Mast cells (MCs) are the main effectors of both early and late allergic inflammation mediated by IgE. These cells are activated once FcϵRI receptors attach to IgE antibodies linked to multivalent antigens. They release both stored and freshly prepared lipid mediators and cytokines. The various biological effects of mediators play important roles in the functions of MCs in acute allergic responses and chronic allergic inflammation. MCs are also involved in various other inflammatory processes and serve as triggers for IgE-related events. For example, MCs or MC secretions play a role in the recruitment of leukocytes to the site of inflammation, antigen presentation by T cells, interactions with cells of the adaptive immune system, and tissue remodeling (46). Studies have shown that mast stem cells originating from the bone marrow secrete EVs that express CD63 and OX40L. Moreover, OX40L expressed by these EV binds to OX40R on T cells, promoting the growth and differentiation of Th2 cells (47). Additionally, EVs from the MC line HMC-1 were taken up by the lung cancer cell line A549. Uptake of the KIT protein activates the KIT–stem cell factor signaling pathway, increasing the expression of cyclin D1 and promoting the proliferation of human lung adenocarcinoma cells (48). Neutrophils are an important part of the immune system, protecting the body from getting sick by eating (engulfing) and eliminating germs; they are also needed for the proper function of other parts of the body (49). For example, miR-30d-5p in polymorphonuclear neutrophil-derived extracellular vesicles promotes M1 macrophage polarization and initiates macrophage pyroptosis via NF-κB activation (50).

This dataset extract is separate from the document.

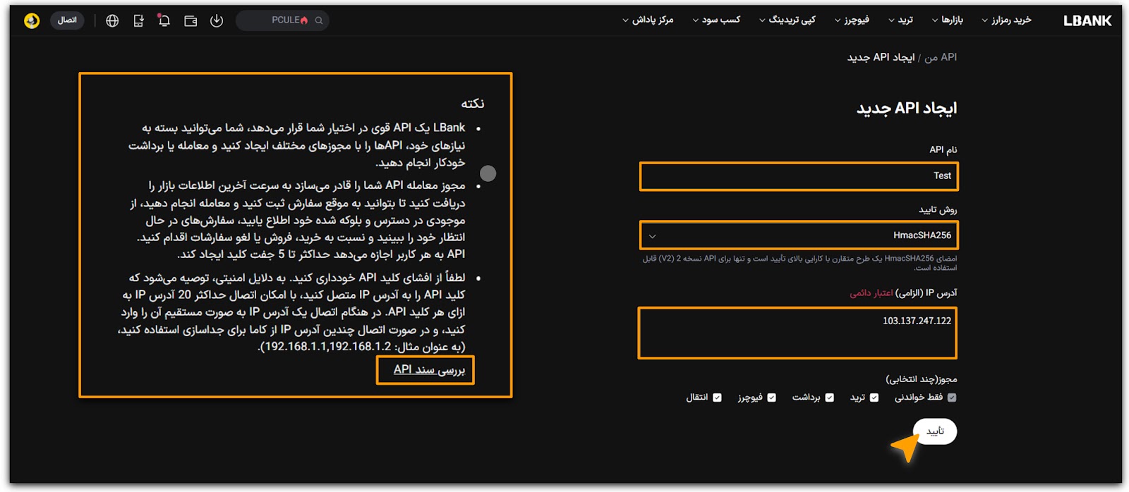 ۵. هدف از API را مشخص کنید (فقط خواندنی، ترید، برداشت، فیوچرز، انتقال؛ امکان انتخاب چند گزینه وجود دارد)؛ سپس روی [تأیید] کلیک کنید.]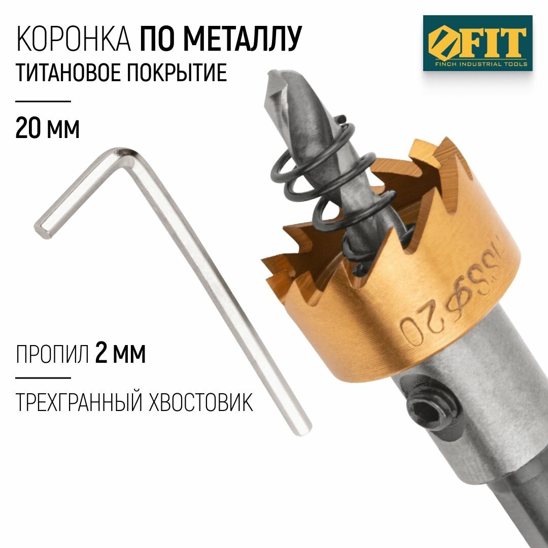 10 цен на Коронка кольцевая по металлу 20 мм, HSS сталь, титановое покрытие FIT 36860

Myeloid-derived suppressor cells (MDSCs) are specialized pathological myeloid cells that exert potent immunosuppressive effects and are generated under various disease conditions. These cells are of two types: granulocytic or polymorphonuclear and monocytic MDSCs (51). EVs derived from MDSCs exhibit the immunosuppressive properties of their parent cells. They participate in tumor formation, new blood vessel generation, migration, and metastasis. Previous studies have shown that EVs produced by MDSCs contain miRNAs that affect MDSC function by altering myeloid cell differentiation and proliferation, promoting CD8+ T cell senescence, and blocking their proliferation (52). Additionally, these EVs impede the differentiation of Th1 and Th17 cells by targeting T-bet and signal transducer and activator of transcription 3 via miR-29a-3 p and miR-93-5p, respectively (53). Similarly, treatment with MDSC-derived EVs markedly decreased the proportion of M1macrophages (54).

2.3
Adaptive immunity cell-derived EVs affect tumor immunity
The regulation of adaptive immunity by innate immune cells is well established. Huang et al. reported that B cells producing IL-10 induced M2 polarization of macrophages in a melanoma tumor model (55). EVs from activated CD3+ T cells also activate resting CD3+ T cells by stimulating their proliferation (56). These results indicate that EVs from adaptive immune cells influence antitumor immune responses in many ways. This review discusses the EVs released from different subsets of adaptive immune cells and their effects on tumor immune responses (57) (Table 2).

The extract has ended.